==== PROVIDED INFORMATION ====
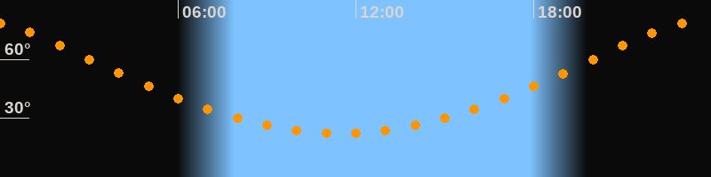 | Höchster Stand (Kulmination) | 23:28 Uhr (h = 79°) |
====
==== PROVIDED INFORMATION ====
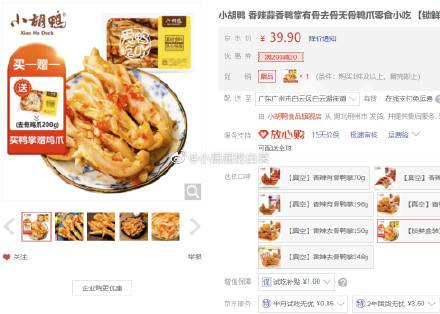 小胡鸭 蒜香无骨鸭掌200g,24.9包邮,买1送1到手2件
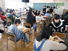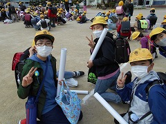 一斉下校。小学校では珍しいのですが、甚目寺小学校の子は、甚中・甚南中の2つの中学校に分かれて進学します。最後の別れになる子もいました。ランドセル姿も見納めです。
====
WHAT THIS TASK INVOLVES | Your answer should be the lines above, word for word, from the line with "小胡鸭 蒜香无骨鸭掌200g,24.9包邮,买1送1到手2件" through the line with "一斉下校。小学校では珍しいの", minus the pictures.

RESPONSE AREA |
 小胡鸭 蒜香无骨鸭掌200g,24.9包邮,买1送1到手2件
 一斉下校。小学校では珍しいのですが、甚目寺小学校の子は、甚中・甚南中の2つの中学校に分かれて進学します。最後の別れになる子もいました。ランドセル姿も見納めです。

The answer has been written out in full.